Танков было пять. Но один с левой, первой по номеру батареи успели подбить, он горел. А вторая, где был Андрей, не сделала еще ни одного выстрела. Что-то надсадно и хрипло кричал командир, но что делать, ясно было и без команд. Танки сползли с горы и разделились: две машины двинулись на первую батарею, две на вторую, причем они хитро выходили на линию между батареями, чтобы артиллеристы били друг по другу. Но раздумывать об этом было некогда.
Один только выстрел и успела сделать первая, основная в батарее, гаубица, которую заряжал Андрей Гуськов.
Потом рядом с ним хрястнуло с мгновенным дребезжащим звоном, и он, как казалось ему, кувыркаясь, полетел в сторону.
Откуда-то издалека-издалека звучал голос Настены, звучал протяжно и ласково и знобил Андрея своей интонацией. Слов он не различал: в его ушах стоял грохот этой недолгой и страшной схватки железа с железом, где люди вроде были и ни к чему, в глазах короткими повторяющимися вспышками мелькали картины боя, наносило смрадом, возникали в одном горячем клубке крики, полоса черной, пропоротой незакрепленными сошниками земли, тягачи, торопливо уходящие обратно в укрытие, наводчик орудия по фамилии Коротько, который, приподняв голову, заглядывал в свой развороченный осколком живот, вскинутый взрывом в воздух чехол ствола - и все это под нарастающий, увеличенный страхом лязг гусениц.

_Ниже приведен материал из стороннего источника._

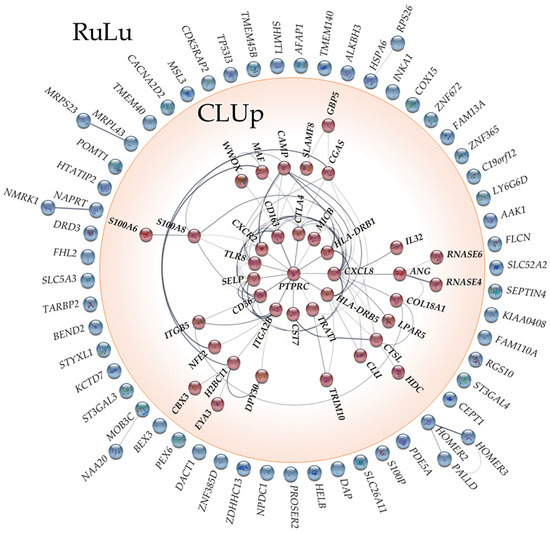 To elucidate the predominant gene ontologies (GOs) characterizing our identified DEGs, we conducted a comprehensive over-representation analysis (ORA) encompassing all selected DEGs as well as the cluster derived from the network analysis. This analysis used information on biological process (BP), cellular component (CC), and molecular function (MF) ontologies to highlight significant over-represented ontologies, providing a broader perspective on potential dysregulations across these various ontological categories. The ORA conducted using all 100 DEGs from the RuLu group revealed enrichment in 29 BP, 9 CC, and 2 MF ontologies. Similarly, the ORA performed on the CLUp DEGs exhibited enrichment in 95 BP, 37 CC, and no MF ontologies. It is noteworthy that in both cases, the enriched ontologies were determined based on the significance of the q-values, highlighting those with the most statistically significant associations. The top 10 enriched ontologies for RuLu and CLUp are presented in Figure 3. These selections were made based on the lowest q-values, signifying the highest degree of statistical significance. Furthermore, Supplementary Table S3 provides a comprehensive list of all enriched GO terms along with their associated DEGs.
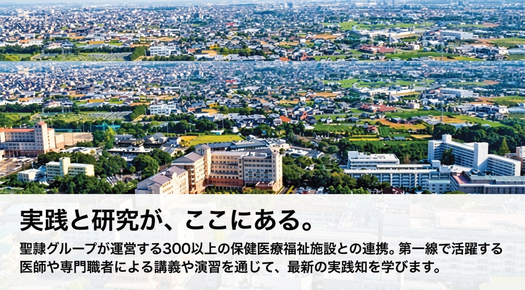 - 最新の知識と技術:保健医療福祉・教育施設を運営する聖隷グループとの連携・協働により、第一線で活躍する専門職者が担当する講義・演習を通じ、最新の情報に基づいた専門職としての力を高めることができます。

И вдруг голос Настены исчез. Еще не очнувшись, не вернувшись из своего последнего боя, Андрей осторожно обернулся и увидел в глазах Настены совсем другое - в ее глазах было тепло от ее собственного воспоминания. Не выдерживая больше, Андрей ткнулся головой в ее грудь и застонал.
- Андрей, что ты?! Что ты?! Что с тобой?! - испугалась она.
Он чуть было не всхлипнул, но удержался.
- Ничего. Ничего, Настена. Ты здесь, ты со мной. Но он все еще боялся, что только что привидевшийся ему бой и есть настоящее, и продолжал озираться.
- Что ты подумал? - Настена стала руками ласкать его голову, но говорила о своем. - Дурачок ты, больше никто. Выдумал что-то. Это, может, тебе со мной плохо, а про меня не говори. Мне всегда с тобой хорошо, всегда - так и знай. Я и подумать не смею, чтобы я без тебя жила. Как это - без тебя? И все эти годы, покуда я тебя ждала, я же тебя ждала, не кого-нибудь. Я ни разу спать не ложилась, покуда с тобой не поговорю, и утром не вставала раньше, чем до тебя не дотянусь, не узнаю, что с тобой. Мне и вправду казалось, что я вижу тебя, сначала нет никого, только шум, вроде как ветер свистит, потом все тише, тише - значит, до тебя уж недалеко, а потом вот он ты. Всегда почему-то один. Сидишь или стоишь во всем солдатском, печальный такой, печальный, и никого возле тебя нету. Я взгляну, что живой, и обратно: задерживаться или там разговаривать нельзя. И дальше перемогаюсь, и дальше день ото дня. Я, может, даже чересчур тебя ждала, свободы тебе там не давала, мешала воевать. Откуда я знала, что можно, чего нельзя, - делала, как могла, да и все, никто не научил, не подсказал. И ты молчал. Ох, Андрей, Андрей... Он обхватил руками голову и, быстро двигая ею из стороны в сторону, словно пытаясь сорвать непосильную тяжесть, простонал:
- Господи, что я наделал?! Что я наделал, Настена?! - И, убрав руки, повернул лицо к Настене. - Не ходи больше ко мне, не ходи - слышишь? И я уйду. Совсем уйду. Так нельзя. Хватит. Хватит самому мучиться и тебя мучить. Не могу.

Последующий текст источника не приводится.